Question

Find sets X, Y, and Z and functions f : X → Y and g : Y → Z such that (a) g is injective, but g ◦ f is not injective.

(b) g ◦ f is surjective, but f is not surjective.

(c) g is surjective, but g ◦ f is not surjective.

(d) f is surjective, but g ◦ f is not surjective.

(e) f is injective, but g ◦ f is not injective.

(f) g ◦ f is injective but g is not injective.

(g) g is injective, but g ◦ f is not injective.

Answer 1

The questions involve creating examples of functions and sets to demonstrate specific injective and surjective properties with function compositions. Scenarios (c), (d), (e), and (f) are impossible given the constraints. Scenario (a) is possible with g injective and g ◦ f not injective, and (b) has a surjective composition with a non-surjective f.

Step-by-step explanation:

The question concerns concepts related to sets and functions, specifically focusing on the properties of injectivity (one-to-one function) and surjectivity (onto function) in the context of function composition.

Example Solutions

a) g is injective, but g ◦ f is not injective:
Let X = {1,2}, Y = {a,b}, Z = {α, β}. Define f: X → Y by f(1) = a and f(2) = a (not injective), and g: Y → Z by g(a) = α and g(b) = β (injective). g ◦ f is not injective because g(f(1)) = g(f(2)) = α.

b) g ◦ f is surjective, but f is not surjective:
Keep X, Y, and Z as before with the same functions. g ◦ f is surjective since every element in Z has a pre-image in X. However, f is not surjective since 'b' in Y has no pre-image in X.

c) g is surjective, but g ◦ f is not surjective:
This scenario is impossible under the given conditions as the surjectivity of g ensures that for every element in Z, there is at least one element in Y, and since every element in X maps to Y via f, g ◦ f would also be surjective.
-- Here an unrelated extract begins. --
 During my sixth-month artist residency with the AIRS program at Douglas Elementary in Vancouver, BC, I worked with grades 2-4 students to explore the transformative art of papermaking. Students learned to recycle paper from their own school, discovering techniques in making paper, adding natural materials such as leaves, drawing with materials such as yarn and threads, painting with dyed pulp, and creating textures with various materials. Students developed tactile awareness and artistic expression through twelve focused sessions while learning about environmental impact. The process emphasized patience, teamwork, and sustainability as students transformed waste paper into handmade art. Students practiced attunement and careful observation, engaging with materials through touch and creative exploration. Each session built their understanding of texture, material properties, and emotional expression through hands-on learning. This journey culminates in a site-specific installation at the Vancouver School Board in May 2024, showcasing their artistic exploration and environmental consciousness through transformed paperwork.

d) f is surjective, but g ◦ f is not surjective:
This scenario is impossible as the surjectivity of f would imply that g ◦ f must cover all elements of Z if g is a function from Y to Z.

e) f is injective, but g ◦ f is not injective:
This scenario is also impossible as the injectivity of f would be maintained through the composition, thus if g ◦ f is not injective, then g must not be injective.

f) g ◦ f is injective but g is not injective:
As with (e), this is impossible under the given conditions as the non-injectivity of g would lead to g ◦ f also being non-injective.

g) g is injective, but g ◦ f is not injective:
This is the same as case (a) and it is possible as described above in (a).